И вот машина тронулась. Остались позади ночные огни города. Степь под снегом. Узкая заметенная дорога, тем только и отличающаяся от остальной степи, что она выше и снег здесь укатан. Лучи фар, вздрагивая на выбоинах, щупают дорогу впереди.
А в машине трое человек молчат. Григорьев смотрит перед собой, лицо отвердело. Сзади Торопов затравленно поглядывает на его каменную спину, чуть возвышающуюся над спинкой сиденья. Что бы ни думали они друг о друге, что бы ни случилось только что между ними, а ехать им надо вместе: машина одна. И вот едут. Вспыхивают в темных стеклах угольки папирос.
Ночь. Степь кругом…
— Ты меня тяжело обидел, Федор Иванович, — говорит наконец Торопов хриплым от долгого молчания, а может быть, и от волнения голосом. — Но я на тебя сердца не держу. Не хочу только, чтоб ты обо мне думал так. Сам видел, надавили на меня, ну я и не смог… Да что говорить, когда вода подойдет под горло, каждый начинает плавать. Хоть бы и не умел. А у меня, Федор Иванович, трое детей.
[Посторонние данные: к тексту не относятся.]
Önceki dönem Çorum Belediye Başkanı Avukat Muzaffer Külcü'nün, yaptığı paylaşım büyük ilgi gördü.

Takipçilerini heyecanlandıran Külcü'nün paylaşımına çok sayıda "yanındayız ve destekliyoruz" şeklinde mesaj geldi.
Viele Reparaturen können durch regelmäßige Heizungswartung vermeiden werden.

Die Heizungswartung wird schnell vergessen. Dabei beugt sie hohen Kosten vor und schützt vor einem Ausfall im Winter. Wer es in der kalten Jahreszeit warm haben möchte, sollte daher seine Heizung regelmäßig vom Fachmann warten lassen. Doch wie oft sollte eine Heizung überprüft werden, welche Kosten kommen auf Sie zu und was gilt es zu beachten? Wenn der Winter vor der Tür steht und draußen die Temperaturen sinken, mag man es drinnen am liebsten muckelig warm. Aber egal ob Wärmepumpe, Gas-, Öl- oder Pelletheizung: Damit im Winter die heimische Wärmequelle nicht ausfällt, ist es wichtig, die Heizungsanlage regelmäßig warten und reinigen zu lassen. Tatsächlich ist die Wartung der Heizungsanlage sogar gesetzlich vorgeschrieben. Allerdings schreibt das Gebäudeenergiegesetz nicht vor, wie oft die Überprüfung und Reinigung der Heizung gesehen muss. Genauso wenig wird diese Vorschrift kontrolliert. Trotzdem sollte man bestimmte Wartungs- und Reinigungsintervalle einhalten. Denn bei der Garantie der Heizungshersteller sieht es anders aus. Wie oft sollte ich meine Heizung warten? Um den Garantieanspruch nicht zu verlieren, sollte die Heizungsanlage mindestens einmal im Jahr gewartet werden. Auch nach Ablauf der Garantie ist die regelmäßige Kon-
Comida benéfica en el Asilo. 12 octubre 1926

Опять едут молча. Даже непонятно, слышал ли все это Григорьев. И молчание теперь невыносимо. Не оборачиваясь, все так же глядя перед собой на дорогу, Григорьев говорит жестким голосом:
— В районе больше трех тысяч детей не хуже и не лучше твоих, Торопов. И они так же дороги матерям, как тебе твои трое. И они так же хотят есть.
— Строго судишь, Федор Иванович, — говорит Торопов.
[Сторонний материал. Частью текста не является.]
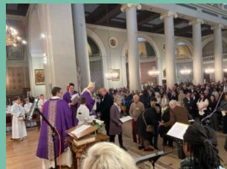
Remise des médailles de Saint-Louis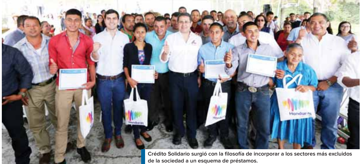
Crédito Solidario surgió con la filosofía de incorporar a los sectores más excluidos de la sociedad a un esquema de préstamos.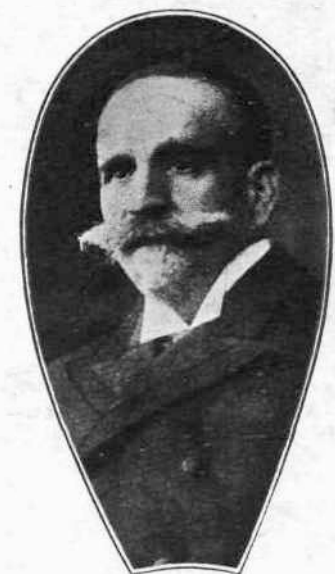
ΑΘ. ΕΥΤΑΪΔΙΑΣ Υπουργός τῆς Ἐθν. Οικονομίας.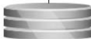
DB Oracle Spatial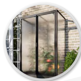
ACCESSOIRES EN OPTION : PORTES BATTANTES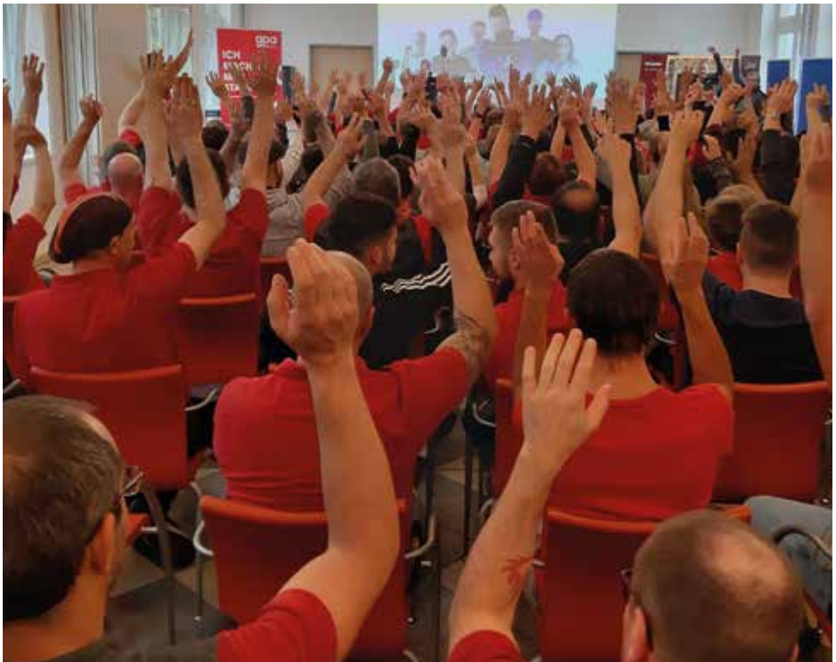
Kollektivvertragsverhandlungen 2022: Betriebsversammlung im Miele Werk

Die innerbetriebliche Mitbestimmung soll gestärkt werden und die Ver- oder Behinderung von Betriebsratswahlen gerichtlich strafbar gemacht werden.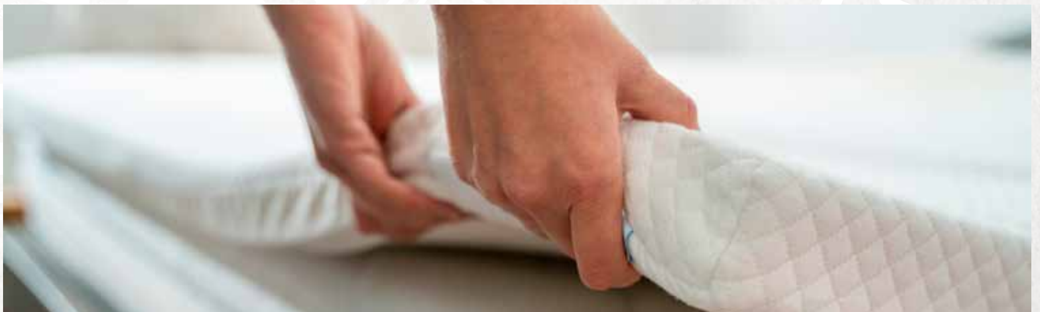
814 MEMO FOAM / H 7 CM

— Не строже, чем люди будут судить нас. А ты расскажи своим детям, как ты ради них старался. А я послушаю да посмотрю. Может быть, завтра я не буду секретарем райкома, но суд мой от этого не мягче.
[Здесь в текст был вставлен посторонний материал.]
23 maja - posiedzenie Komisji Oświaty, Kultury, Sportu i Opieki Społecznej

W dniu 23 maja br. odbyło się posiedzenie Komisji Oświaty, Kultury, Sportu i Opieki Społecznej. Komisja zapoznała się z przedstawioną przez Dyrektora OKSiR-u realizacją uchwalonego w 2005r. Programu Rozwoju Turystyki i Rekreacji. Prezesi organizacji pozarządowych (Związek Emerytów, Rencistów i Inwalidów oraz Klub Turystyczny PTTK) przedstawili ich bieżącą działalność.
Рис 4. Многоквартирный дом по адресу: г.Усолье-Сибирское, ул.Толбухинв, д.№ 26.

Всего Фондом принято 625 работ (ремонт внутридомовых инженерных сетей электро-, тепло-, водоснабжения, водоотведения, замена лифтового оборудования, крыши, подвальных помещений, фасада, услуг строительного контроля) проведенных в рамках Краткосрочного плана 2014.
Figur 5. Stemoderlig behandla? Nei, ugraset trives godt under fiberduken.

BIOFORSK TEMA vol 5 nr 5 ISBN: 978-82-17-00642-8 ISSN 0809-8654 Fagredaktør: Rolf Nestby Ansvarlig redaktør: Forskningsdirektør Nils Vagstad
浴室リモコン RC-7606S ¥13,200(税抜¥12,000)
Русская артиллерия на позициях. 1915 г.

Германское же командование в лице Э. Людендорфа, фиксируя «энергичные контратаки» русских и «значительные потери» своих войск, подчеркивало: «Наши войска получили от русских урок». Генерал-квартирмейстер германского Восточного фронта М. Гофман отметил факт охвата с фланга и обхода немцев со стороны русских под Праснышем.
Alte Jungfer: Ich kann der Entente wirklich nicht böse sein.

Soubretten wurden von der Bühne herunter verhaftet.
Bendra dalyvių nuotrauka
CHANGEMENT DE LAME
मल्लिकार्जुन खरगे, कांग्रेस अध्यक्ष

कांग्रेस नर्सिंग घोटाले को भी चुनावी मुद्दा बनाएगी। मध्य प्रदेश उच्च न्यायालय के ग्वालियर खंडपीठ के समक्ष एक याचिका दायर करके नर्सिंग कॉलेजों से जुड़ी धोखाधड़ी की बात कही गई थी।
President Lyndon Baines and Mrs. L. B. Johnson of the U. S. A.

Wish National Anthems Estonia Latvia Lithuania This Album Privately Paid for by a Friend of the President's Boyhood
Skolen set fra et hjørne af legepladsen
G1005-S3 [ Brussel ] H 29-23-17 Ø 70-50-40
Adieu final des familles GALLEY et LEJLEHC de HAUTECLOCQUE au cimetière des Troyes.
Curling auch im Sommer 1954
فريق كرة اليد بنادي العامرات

Машина мчится по степной дороге. Ночь. Вдали замерцали редкие огни районного центра.
Машина затормозила перед домом Григорьева, осветив фарами побеленный угол стены. Шофер выключил свет. На крыльцо выбежала Шура.
— Федор, ты?
Увидела в машине Торопова.
— Иван Иванович, может быть, зайдете к нам? Чай горячий на столе. А у Феди покрепче что-нибудь найдется. Вон и Никита Семеныч замерз.
Григорьев идет от машины, не оглядываясь.
— Да нет, меня дома ждут, — глядя на его удаляющуюся спину, говорит Торопов неуверенно. И его по-человечески жалко в этот момент. — Я уж дома… Спасибо, Александра Васильевна.
— А то идемте. Не долго.
— Спасибо, Александра Васильевна.
Опять вспыхивают фары, освещая белый угол стены, машина отъезжает.
В сенях, крепко обняв мужа, Шура говорит:
— А я так рада, что мы одни. Я звала Торопова и ужасно боялась, что он вдруг действительно пойдет. Он хороший человек, но все же хорошо, что он не пошел. Ты насквозь бензином пропах. Ну идем же скорей. У меня все готово.
Шура возбуждена, и глаза у нее блестят необычно. У нее есть для мужа тайна, дорогая тайна.
— Вот здесь садись, — говорит она Федору, введя в столовую. — Нет, сначала идем мыть руки.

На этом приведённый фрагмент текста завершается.